Krakow Smiles and Bison Vodka
Krakow Smiles and Bison Vodka
I had to wait several uncomfortable minutes for Marek Wawrzynski to finish stacking some boxes in the back room before he would serve me. This was his subtle way of reminding me that I am merely a customer, whether I’m a local or not. I doubt Marek even smiled on his First Communion picture. It’s nothing personal, simply a Polish way and there is no place more Polish than Krakow’s Vis A Vis.
I ordered Żubrówka on the rocks, a bison grass-infused vodka people like mixing with apple juice for some terrible reason. As is the norm in Poland, Marek measured out precisely fifty milliliters into the glass and slid it over to me.
“Ten złoty,” he mumbled, stone-faced. There is something heartening about being welcomed in-to my old watering hole, after a 12-year absence, with that same old, chilly Krakow indiffer-ence.
I first stumbled into this matchbox dive while bar-hopping across Europe 24 years ago, drawn by an inherent gravitation to sordid establishments. I was immediately impressed by the thick smoke of cheap Polish tobacco and the vibe from Krakow’s poets, musicians, painters and assorted riff-raff, many from the legendary cabaret Piwnica Pod Baranami, next door. I ordered a shot of Wiśniówka – cherry vodka – took a seat at the window as the midday January snow danced down and covered Krakow’s market square in a fleecy layer of white. This was before McDonald’s and shopping malls and Schindler’s List tours, when the coal soot of Krakow’s communist past was still plastered on the city’s medieval buildings. “I could live here,” I thought. That drink changed my life.

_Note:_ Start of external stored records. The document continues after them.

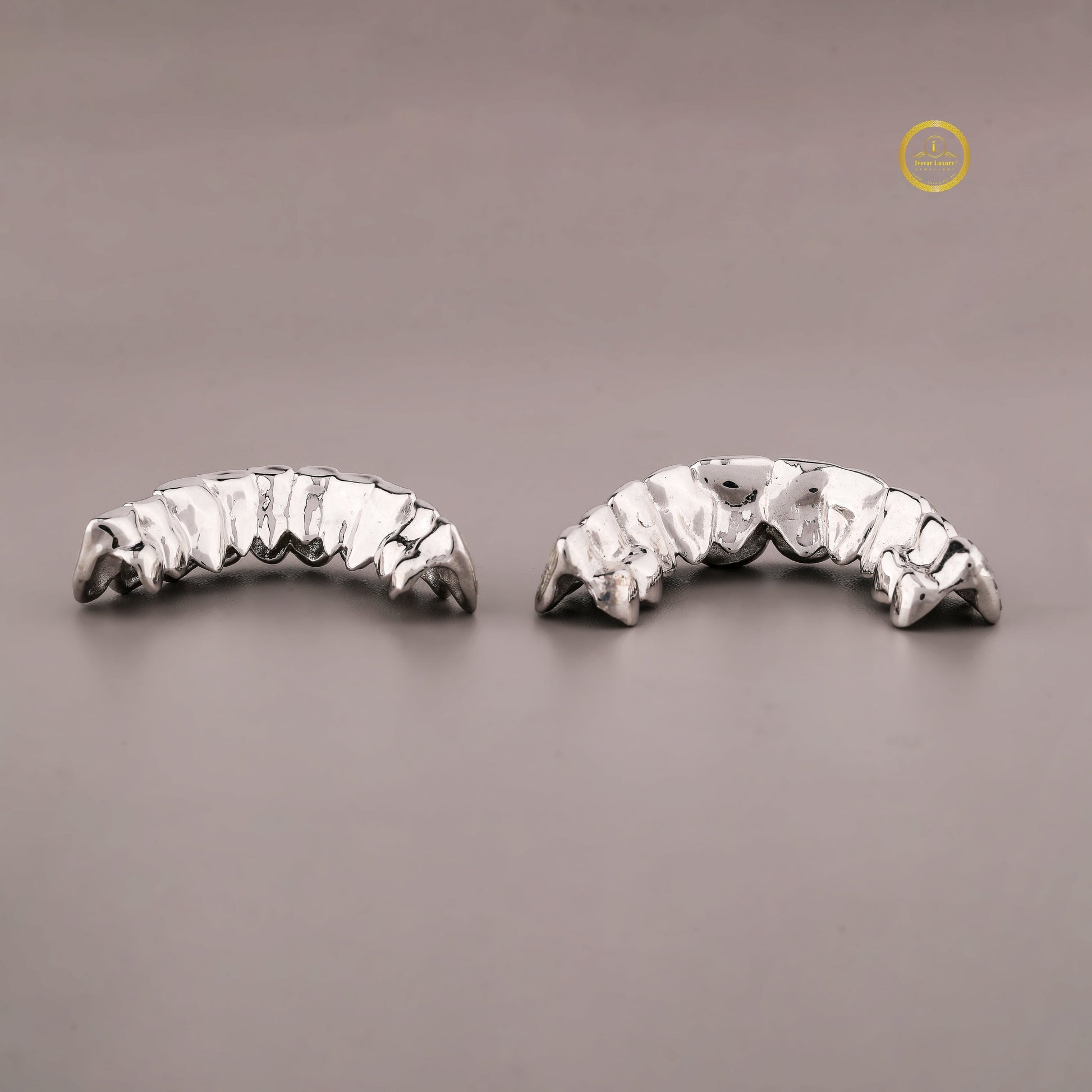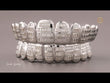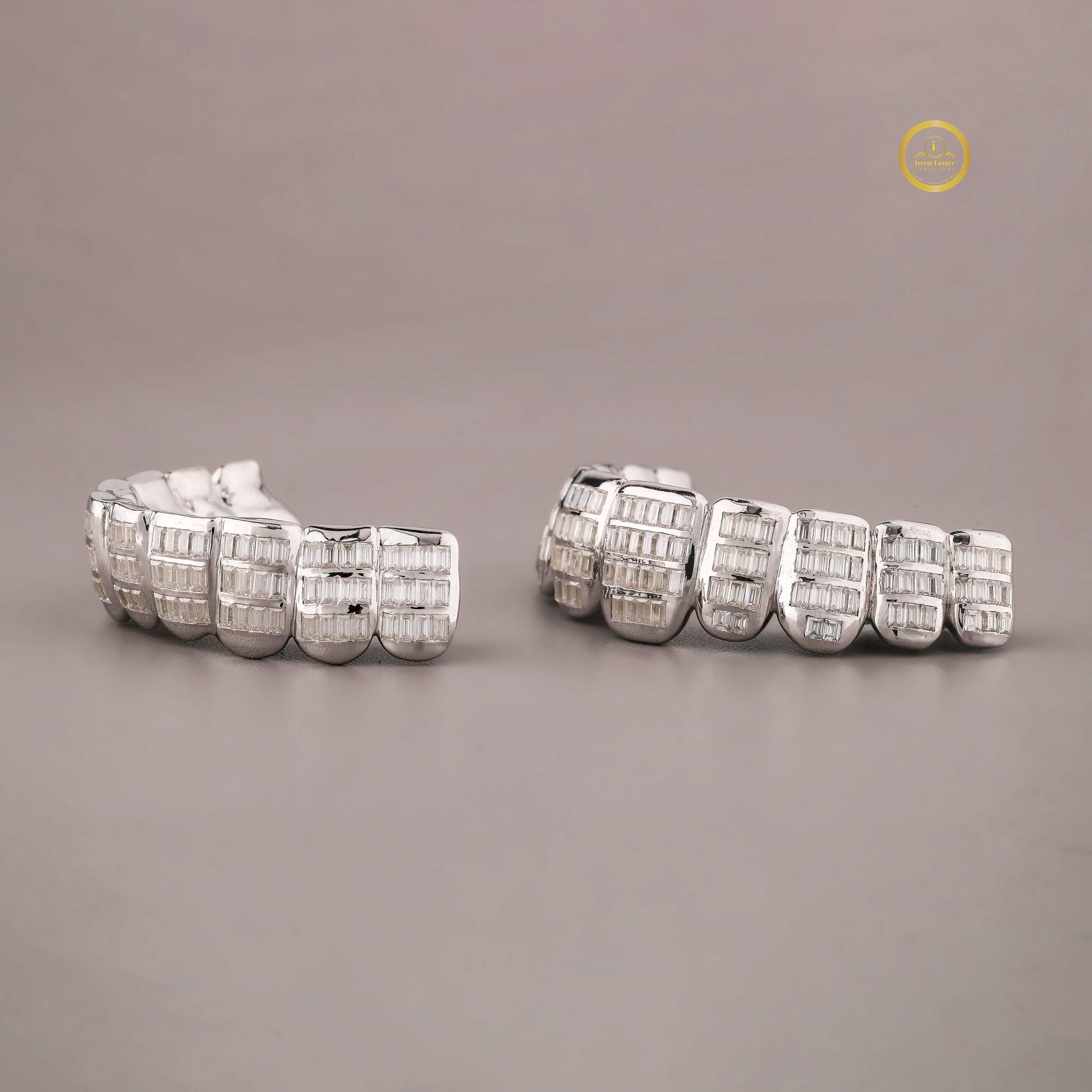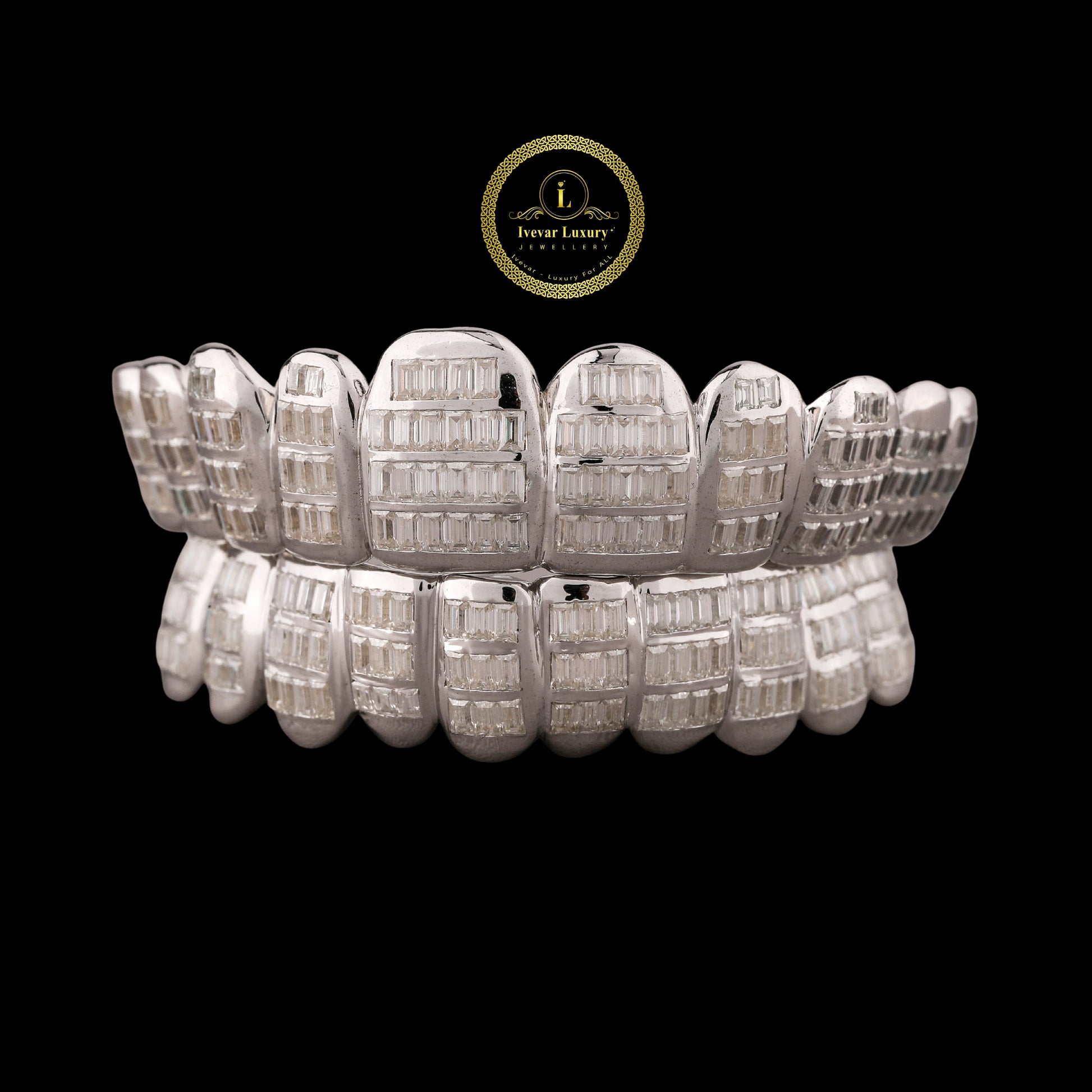 These luxurious dental caps feature a complete top and bottom set, distinguishing them from the previous design. The most notable feature is the use of baguette-cut Moissanite stones, which are rectangular and set in straight, horizontal rows across each tooth. This setting style, known as an invisible or channel setting, minimizes the visible metal prongs, allowing the stones to sit flush and create an uninterrupted, mirror-like surface of brilliance.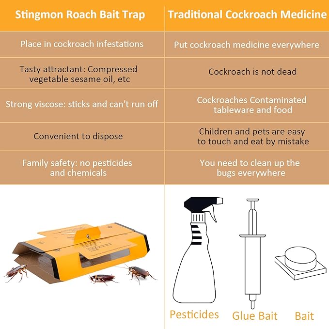 - Convenient and Effective: Roach motel is easy to operate and can be put into use immediately after being folded as instructed. Multiple entrance is convenient for cockroaches to enter to improve the capture rate.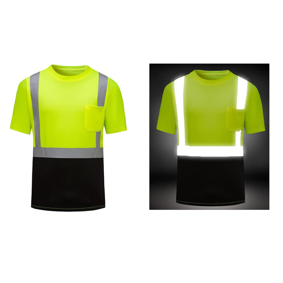 Camiseta Verde de Manga Corta Reflectante con Logotipo Personalizado, Bolsillo en el Pecho y Material Reflectante de Alta Calidad para Ropa de Trabajo

I got a job teaching English a few blocks from the cafe, and spent most of the decade watching the city transform from my front row seat at the Vis A Vis. Each summer, more beer gardens sprouted along the square until the rynek was entirely ringed by plastic tables and umbrellas sporting various beer logos. The Vis A Vis also followed suit, changing its cast iron relics for plastic, but that was the extent of its transmutation. Everything else was still in the ’70s, including its two saintly matrons, pani Zosia and pani Krysia, attired in old-school blue and white uniforms with headpieces.
Pani Zosia was a beacon of geniality among a cabal of gruff misfits, which included Szybus, a renowned bedlamite who once took a chain and padlocked the police into the station next door while waving the key in the window in front of them. Zosia was a classic elegant Polish woman of her generation with the heart of a lion. Seeing her on a Sunday afternoon after church, you would never guess that she had tossed a piss-stained drunk out of the cafe by his collar and pants the night before. Pani Krysia, on the other hand, only smiled when you tipped her, and even that grin was suspect. Ever alert with the darting eyes of a bird of prey, she would stand by the door rubbing her hands like a fly and flicking her tongue like a lizard, looking for the next mark. The problem was that the only tippers were foreigners and the Vis A Vis was the one bar in Krakow that tourists intuitively avoided.
Just as I drained my Żubrówka, Marek came up and handed me a booklet of his poetry. Touched by this random act of kindness, I ventured to collectively reminisce. I ordered another drink and asked what became of Dracula, the imposing pony-tailed barman whose slow burn was so severe we were afraid to order from him, hence his nickname. Dracula once told me he didn’t smile because there was nothing to smile about in the Vis A Vis. For Marek the poet-barman, expressiveness is more complex.
“We don’t smile because that’s what the communists wanted us to do,” Marek affirmed. “It’s a private thing for Poles. We smile inside.”